I have a Sony Xplod head unit, and I had someone break the trim around the radio so now there is an ugly gap between the ac box and the radio and you can see inside the dash. I ordered a new collar from Sony for the radio head but when i tried to install it the console trim that fits on our car (99 sentra) keeps getting in the way and i can't put the trim back on. Is there a certain part I should use or what. Any info would be great.


----------



## samo (Apr 30, 2002)

You shouldn't use the Sony trim ring. Sentras use a mounting system called ISO-mounting, which uses the factory brackets, and thus, no DIN cage and no trim ring. Sounds like you need to a new bezel from Nissan.


----------



## TProfit (Dec 18, 2003)

Wow.

Thanks allot, I was killin gmyself trying to find the right ring. WHere can I get a new mounting bracket and how much will it cost? Thanks allot.


----------



## samo (Apr 30, 2002)

Nissan will have the mounting brackets, the pocket that goes under the radio, and the bezel. Not sure on the price of each, as I've never really had to order any B14 parts.


----------



## TProfit (Dec 18, 2003)

Thanks for the info.

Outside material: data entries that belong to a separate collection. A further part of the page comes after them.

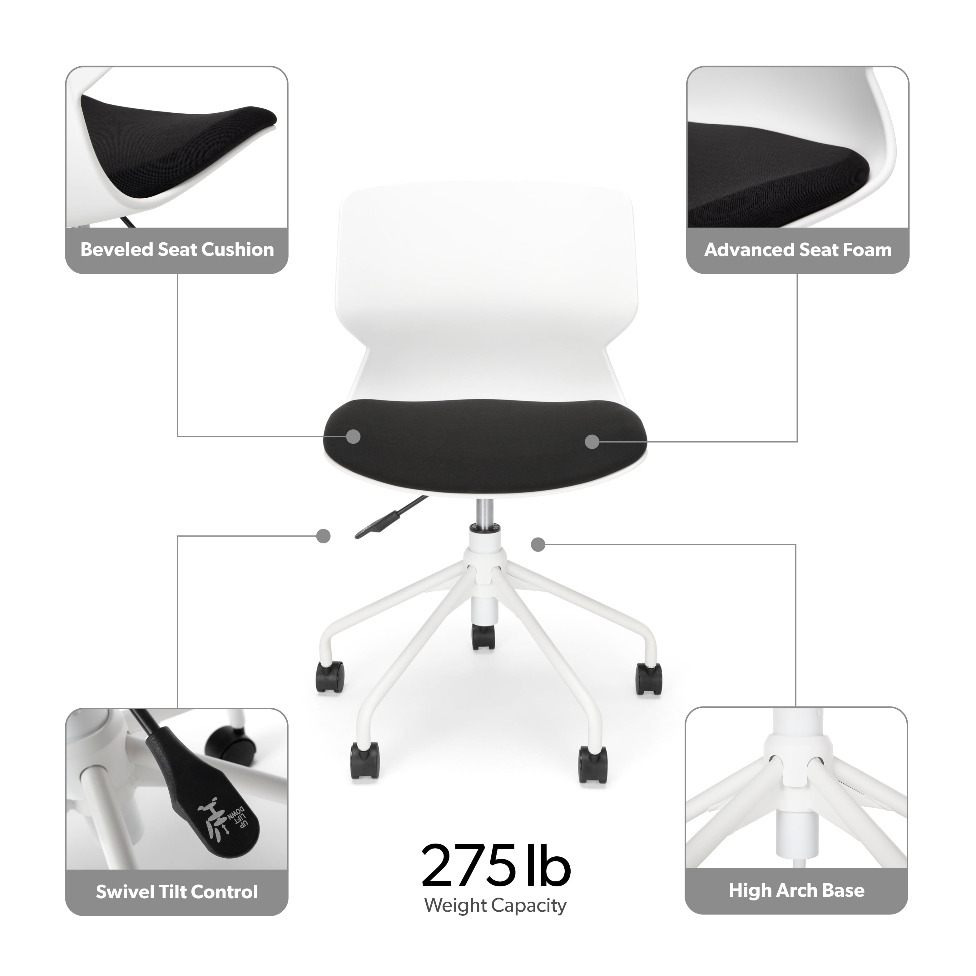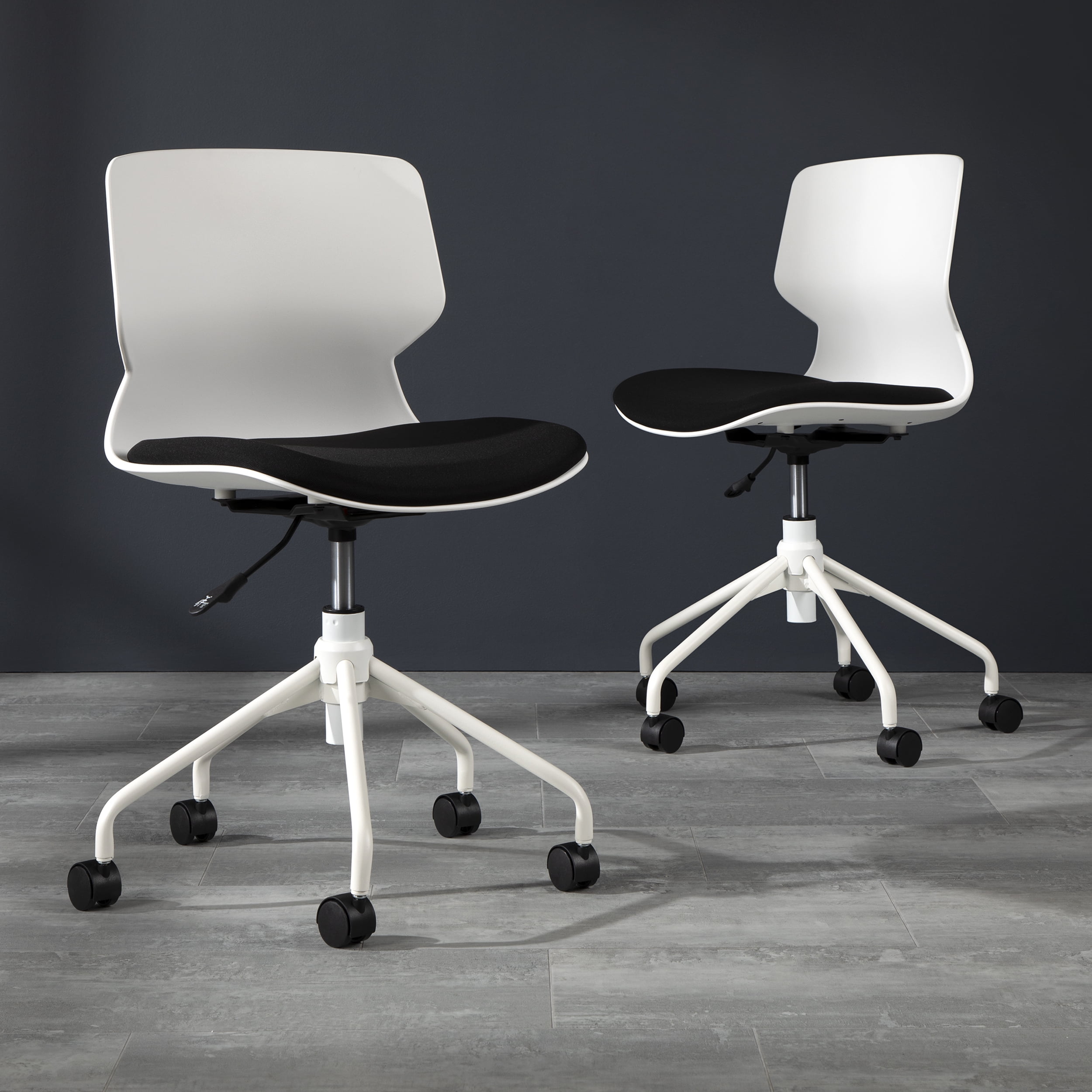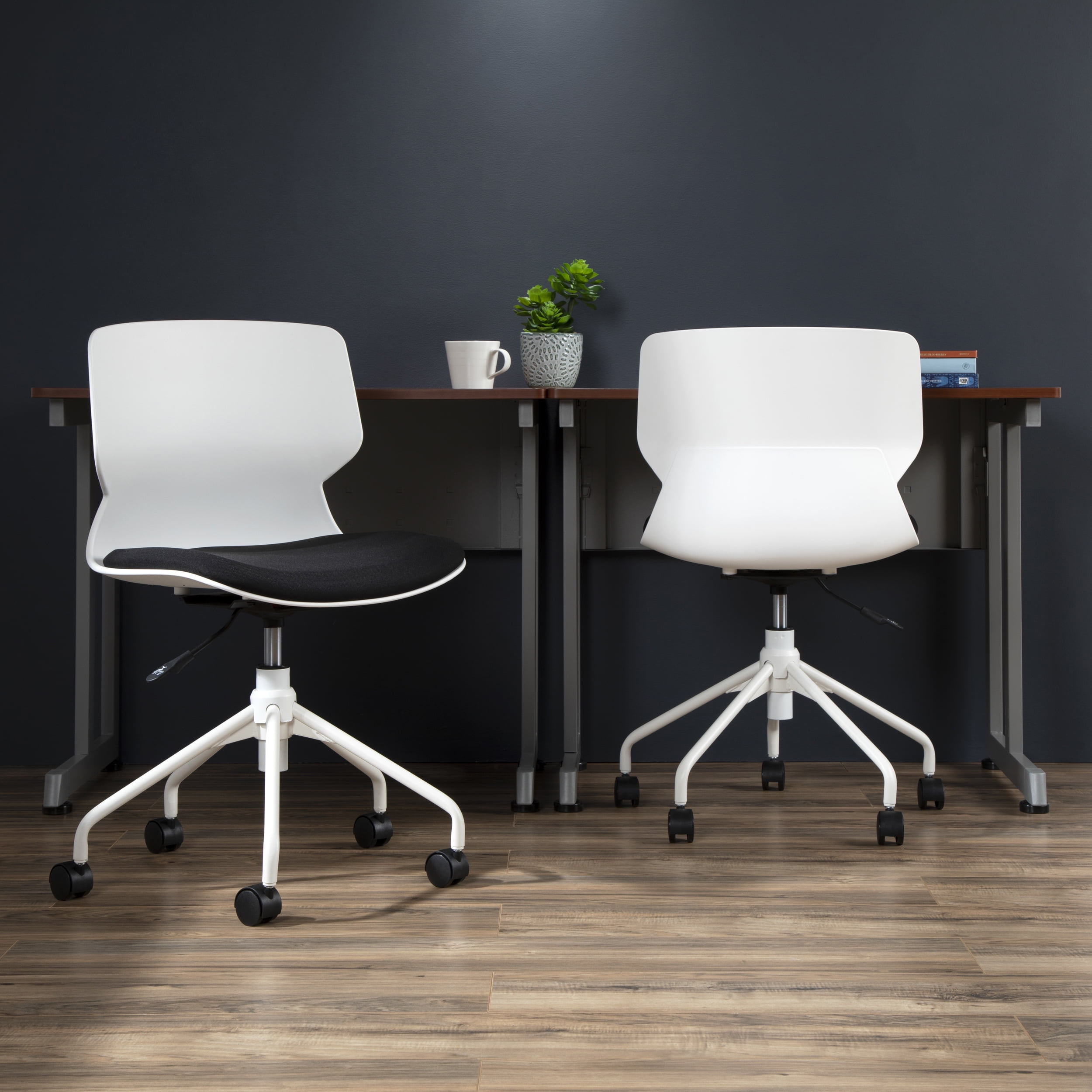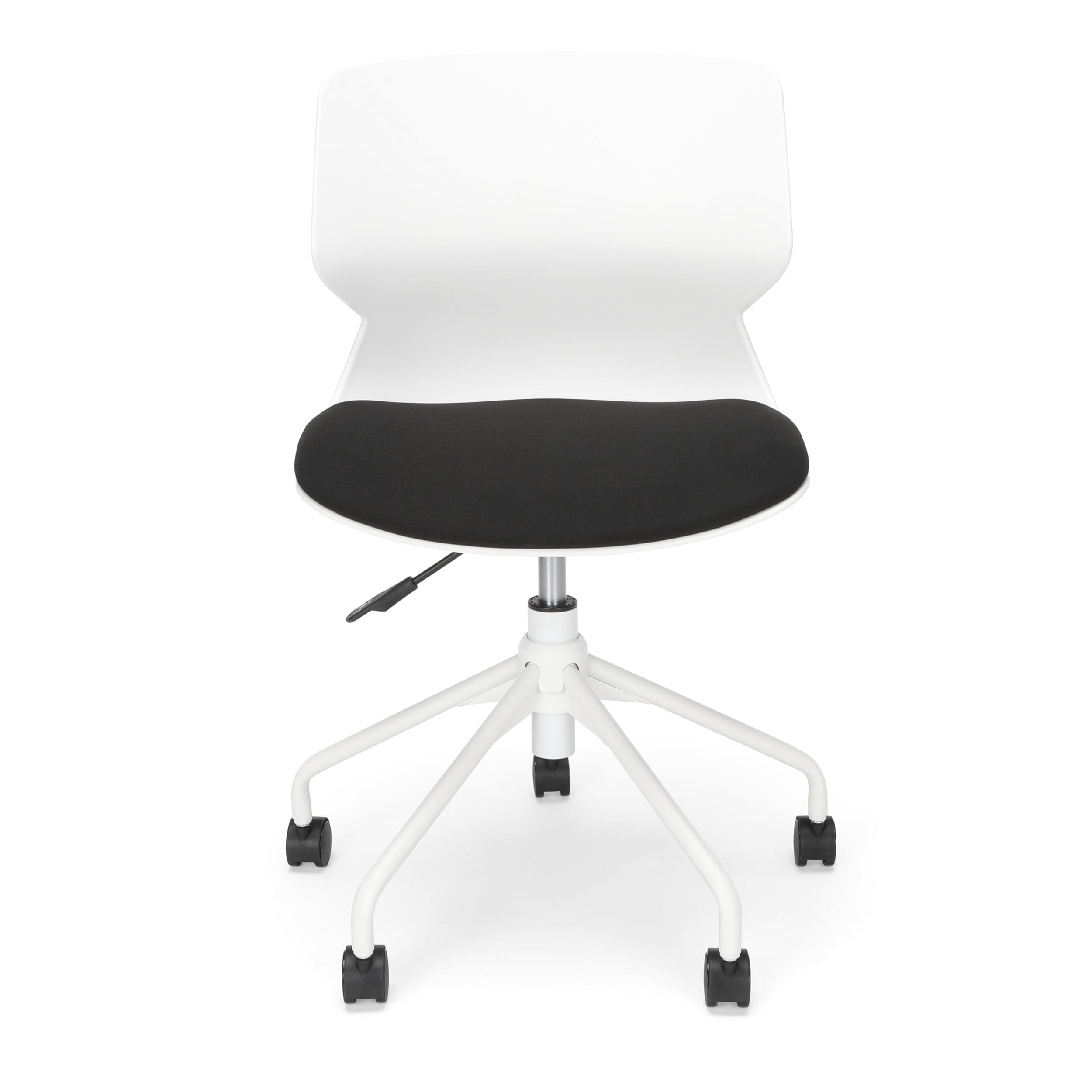 The high arch base gives your space a sophisticated, designer look Advanced seat foam provides a comfortable sit The desk chair features a beveled seat cushion edge for a streamlined look The single-piece seat frame provides a modern look for this unique task chair These chairs roll easily with 50 mm casters The office chair features a five-star base with 360-degree swivel that provides freedom of movement in any direction Pneumatic seat height adjustment controls the seat’s up and down movement to adapt to various user heights With the family of Contempo seating solutions from chair to stool, you can easily coordinate modern furniture across your environment This office chair features a reinforced steel chassis that will support up to 275 lb This multi-purpose chair is backed by the HON Basyx Limited 5-Year Warranty
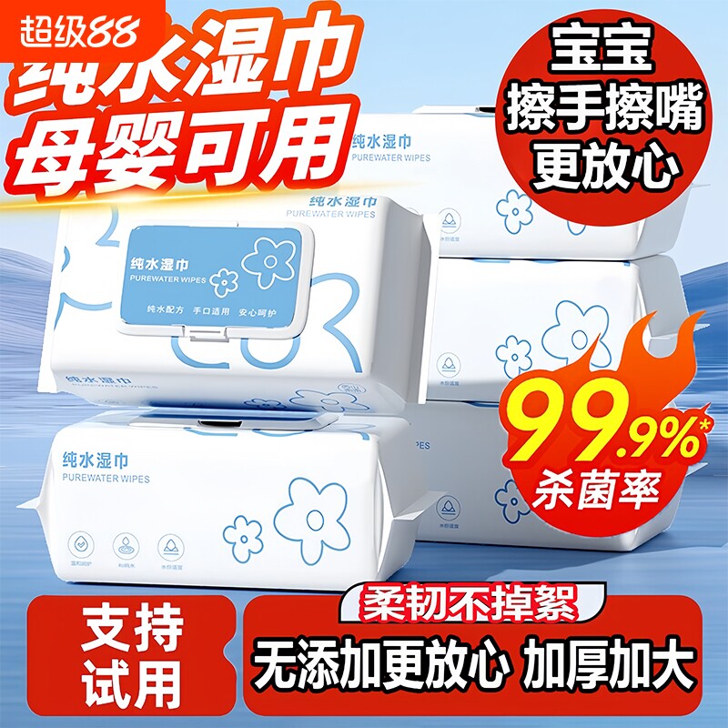 纯水湿巾家用大包湿纸巾婴儿宝宝手口专用便携加厚家庭实惠装清洁
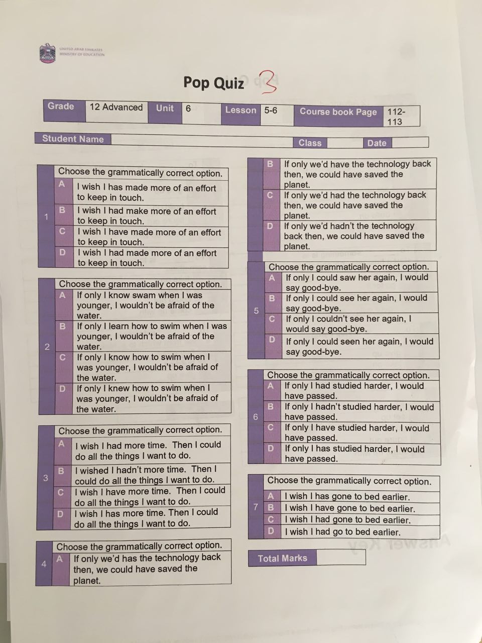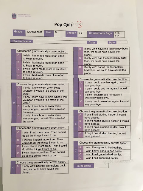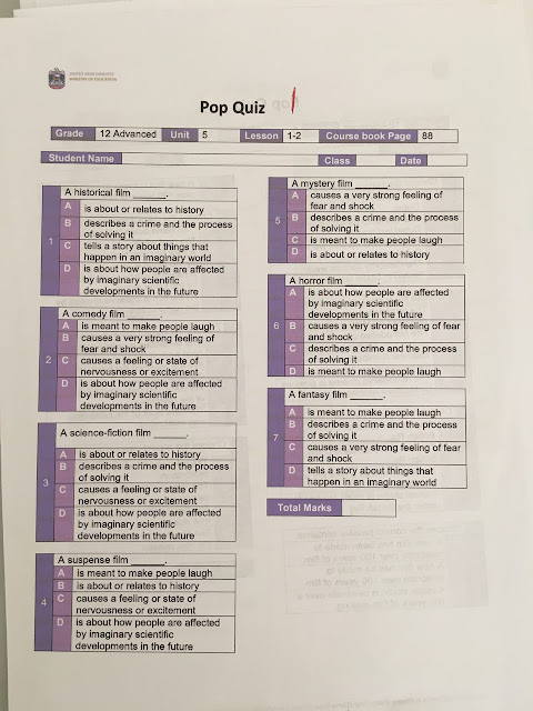 معلومات الملف: الصف الثاني عشر, الفصل الثاني, لغة انكليزية, 2017-2018, Pop Quiz | ||
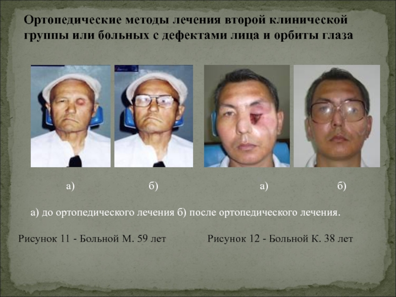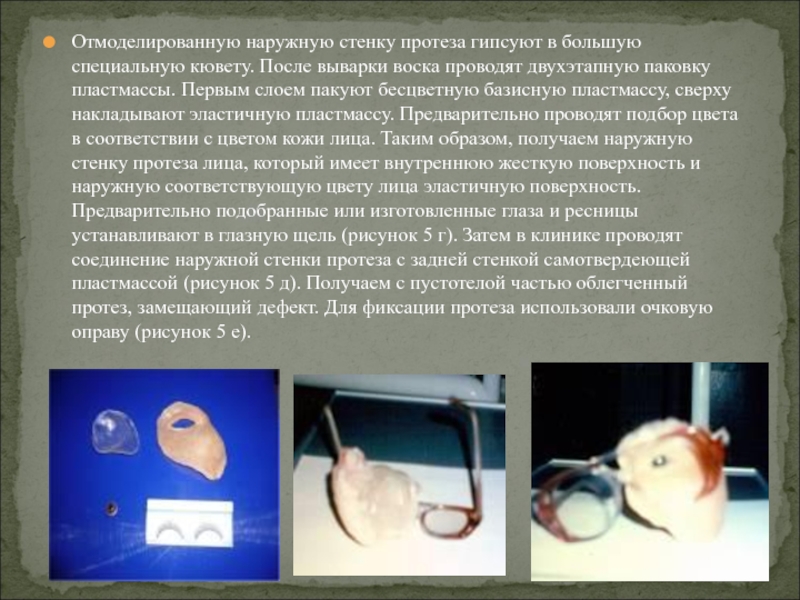 а) больной после операции; б) этап соединения задней и наружной стенки эктопротеза; в) эктопротез зафиксирован на очковой оправе
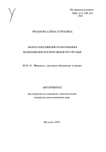 Налогообложение пользования водными биологическими ресурсами тема диссертации по экономике, полный текст автореферата

Back to the stealership I guess.


----------



## samo (Apr 30, 2002)

Depending on what you need, the boneyard might have what you're looking for. A lot of those cars have been scavenged, but any B14 will have exactly the parts you're looking for, with the exeption of the pocket, if you need one. Only a '95-'97 would have those.


----------



## Punkrocka436 (Jul 8, 2003)

samo- is the pocket your referring to the "cubby hole" DIN slot under the radio...if so you can take those out of a 98 sentra as well


----------



## samo (Apr 30, 2002)

Yeah, that's what I mean. I wasn't aware the '98s also had the single-DIN stereo. Must have been a '99-only thing.

The pocket is also available from many stereo stores. Just don't let them try to sell you a Toyota pocket - it won't work.


----------



## xt_out (Jun 23, 2003)

whoa. i thought all b-14s had em. what do the 99's have instead of the hole?


----------



## TProfit (Dec 18, 2003)

99 Sentras come with a stock double din cd player, well ateast mine did. I had the limited edition so I don't remember if it came with different stuff. I had to get the Nissan kit which came with the pocket when I installed my single Din Sony cd player.


----------